The take-away message from my readjustment is, beautifully, the ultimate lesson I needed to learn from my Peace Corps experience. I needed to learn to let go of fear. I think this is important for any time of concentrated growth and change, so here's my advice for anyone in the throes of deep transformation: Don't be afraid to be confused about what you should be doing, sad about missing people and places, and discontented with the way things are. Don't be afraid to tell people what you need. Don't be afraid to tell them to ask you for what they need. Don't be afraid to be happy with a crazy decision. Actually, just don't be afraid to be happy, period. Don't be afraid to say yes, and don't be afraid to say no. There was a lot of fear before and during my reentry, but sometimes it disguised itself as excitement and I didn't address it. Don't let fear do that. Take stock of the steps you're taking, and even if you lose track of them for a bit, don't be afraid to reroute yourself. As your new environment and your new self get to know each other, be patient. Don't be afraid. If you let go of fear, you may seem strange, opinionated or even a little selfish. But you're not, you're just fearless.

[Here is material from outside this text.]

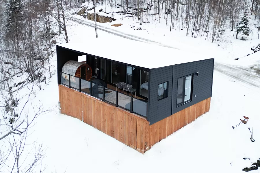 Ushuaia 2 est la location de chalet idéale à Mont Tremblant pour un week-end romantique. Cette location moderne d’une chambre à Bel Air Resort se trouve en pleine nature.
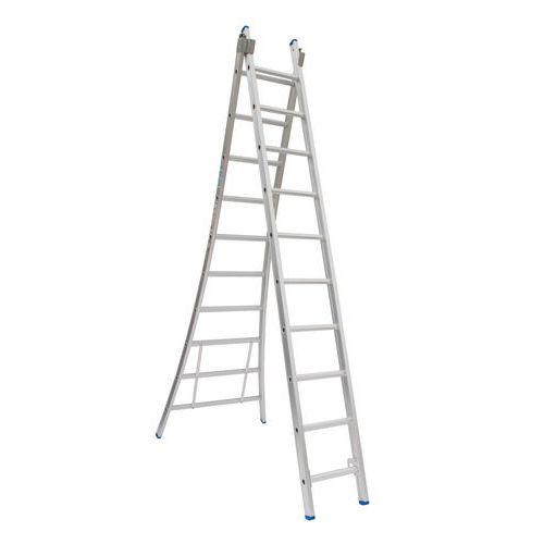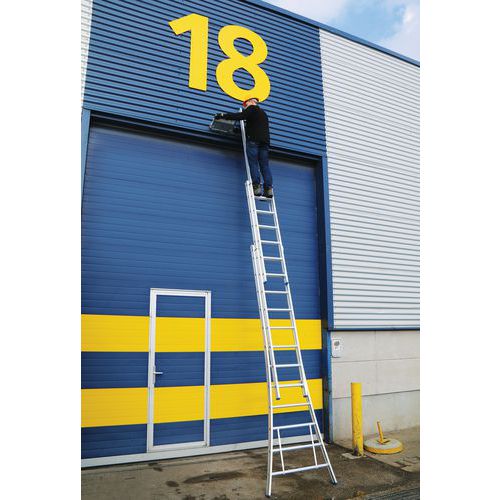 Schuifladder, deelbaar tot dubbele ladder. Tredehaken om de 2 elementen na het uitschuiven te blokkeren. Optimale zijdelingse stabiliteit gegarandeerd met de zeer brede, uitlopende basis. Tweedelige ladder met coating van polyester, vlekt niet op de handen.

Over the past couple months, life has evened out a bit. I've seen some of my fellow PCVs, and I've kept in touch with my friends in Kenya. Life is different than it was when I was living thousands of miles away, but it's just that: different. No better, no worse. I miss my students every day, and I'd do terrible things for a fresh mango. But here in Alaska I get to hold my baby nephew and go fishing in the endless sun. The only barrier to contentment was fear, so I've made the decision to leave it behind. And if that's in the past, I cant wait to see what's in the future.